U.S. Army Corps of Engineers

On June 16, 1775, George Washington was appointed commander in chief of the Continental Army by the Second Continental Congress. That same day, the Congress authorized the creation of the post of chief engineer for the army, in anticipation of upcoming battles with British forces. The engineers’ work building fortifications, surveying terrain, and clearing roads during the war proved so valuable to the Revolutionary forces that the Congress resolved, four years later, based on a recommendation from the Board of War:

Resolved, That the engineers in the service of the United States shall be formed into a corps, and styled the “corps of engineers;” and shall take rank and enjoy the same rights, honours, and privileges, with the other troops…That a commandant of the corps of engineers shall be appointed by Congress, to whom their orders, and those of the Commander in Chief, shall be addressed…

March 11, 1779. In Journals of the Continental Congress, 1774-1789. v. 13 (1779), p305. A Century of Lawmaking for a New Nation: U.S. Congressional Documents and Debates, 1774-1875

The future of the corps was even more firmly assured in 1802, when President Thomas Jefferson established the U.S. Military Academy at West Point, the first U.S. school of engineering. Until 1866, the superintendent of West Point was an engineer officer. One of West Point’s missions was to train generations of military engineers to participate in both military and civilian engineering projects on behalf of the nation.

The Army Corps of Engineers played an active role in the development and/or completion of many sites in the nation’s capital, including the Washington Monument, the Lincoln Memorial, Rock Creek Park, and the Library of Congress. Pierre Charles L’Enfant, a Frenchman who had served as an engineer during the American Revolutionary War, designed the basic plan of the city of Washington, D.C., and supervised the design of its earliest public buildings.

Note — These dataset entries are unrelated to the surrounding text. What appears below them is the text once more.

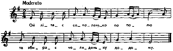 Ой літає соколонько по полю та збирає челядоньку додому. Іди, іди, челядонько, додому, вигуляла все літечко по полю. Вигуляла все літечко ще й жнива, – заболіла голівонька ще й спина. Вар. тексту: Чубинский, т. 3, жн[иварська], № 52; Гильтебрандт, вып. І, 155, з Берестейського повіту. У Гільтебрандта повні, прекрасні тексти жниварських пісень. Місце запису : с. Колодяжне Ковельського повіту Примітки Джерело : Леся Українка. Зібрання творів у 12 тт. – К. : Наукова думка, 1977 р., т. 9, с. 216. Вперше опубліковано : Народні мелодії. З голосу Лесі Українки. Записав і упорядкував Климент Квітка. – К. : 1917 р., ч. 1, с. 47. У порівнянні з варіантом пісні, який Леся Українка проспівала М. Лисенкові, запис К. Квітки має гостріші динамічні контрасти через подрібнення тону на третьому складі (2-й такт), розспіваний другий склад (3-й такт). Фольклорні записи Перший | Попередній | Перелік | Наступний | Останній |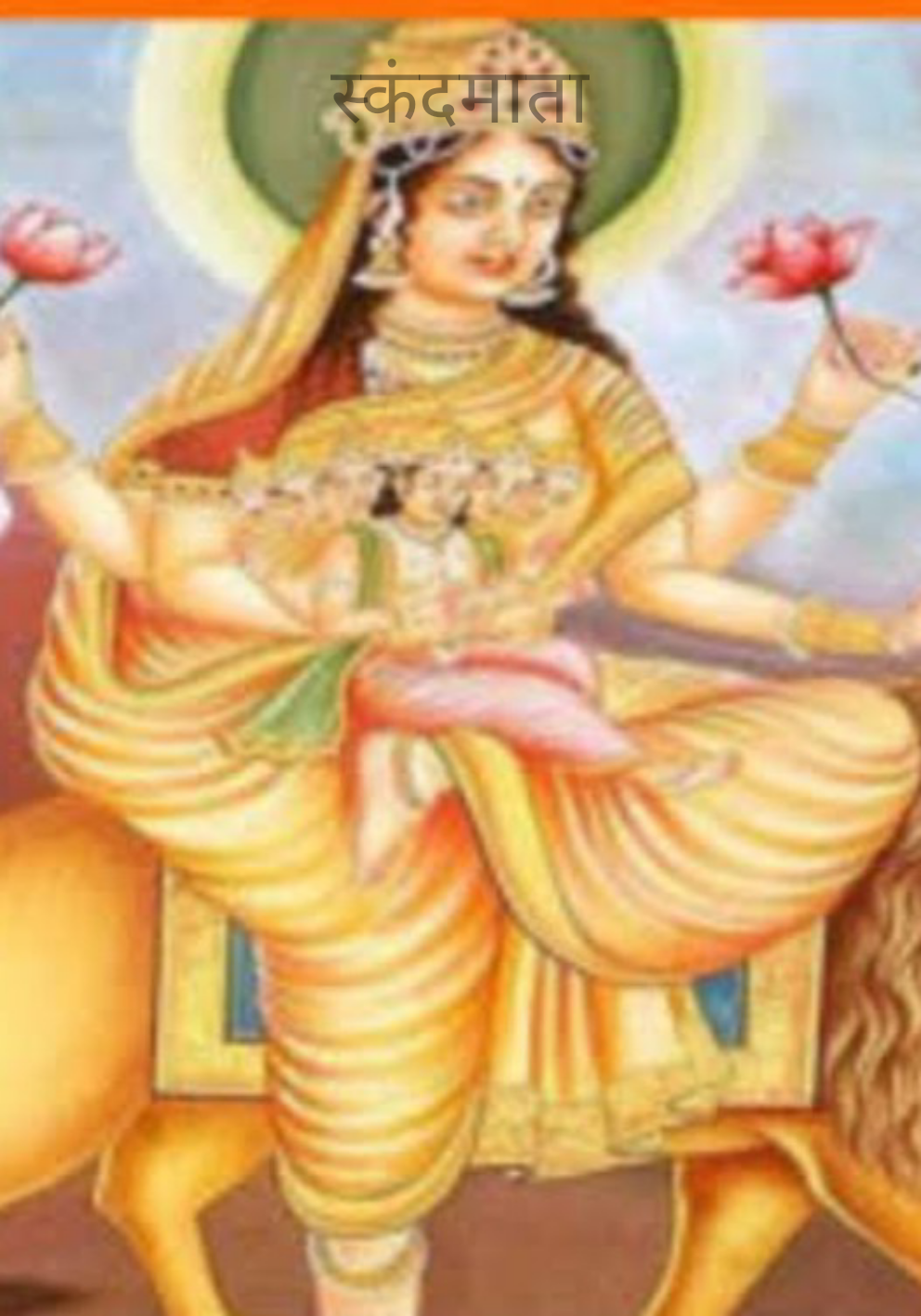 पिवळ्या रंगाचे चैतन्य कलावती जाणली ...दुर्गेला स्कंदमाता अशा नावाने ओळखली ।। १ ।।
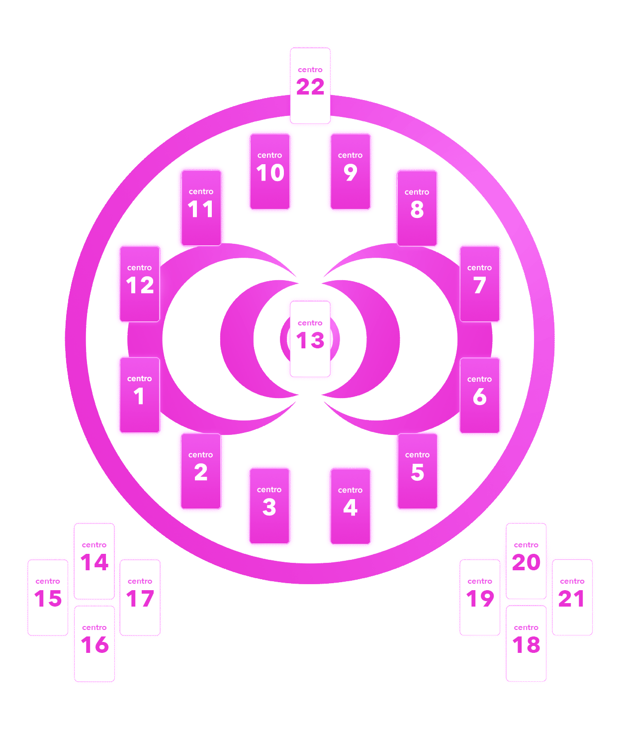 cada uno de los 22 centros puede albergar uno de los 22 arcanos, generando diez campos de información como su significado, su mensaje o dinámica

Yorktown, Va. vicinity. Topographical Engineers, Camp Winfield Scott. James F. Gibson, photographer, May 2, 1862. Civil War. Prints & Photographs Division

The U.S. Army Corps of Engineers has engaged in various civil construction projects and has long maintained a national role in the development of coastal fortifications, lighthouses, and waterways; in the improvement of rivers and harbors; and in the design, building, and maintenance of structures such as bridges, canals, levees, locks, and hydroelectric dams and roads.

To relieve unemployment during the Great Depression, the U.S. Government engaged the Corps of Engineers in planning, constructing, and maintaining a vast flood control network of levees along the Mississippi River and its tributaries. The dams and locks of the related Upper Mississippi Nine-Foot Channel Project mitigated economic problems and brought a fully navigable interior river system to the Midwest.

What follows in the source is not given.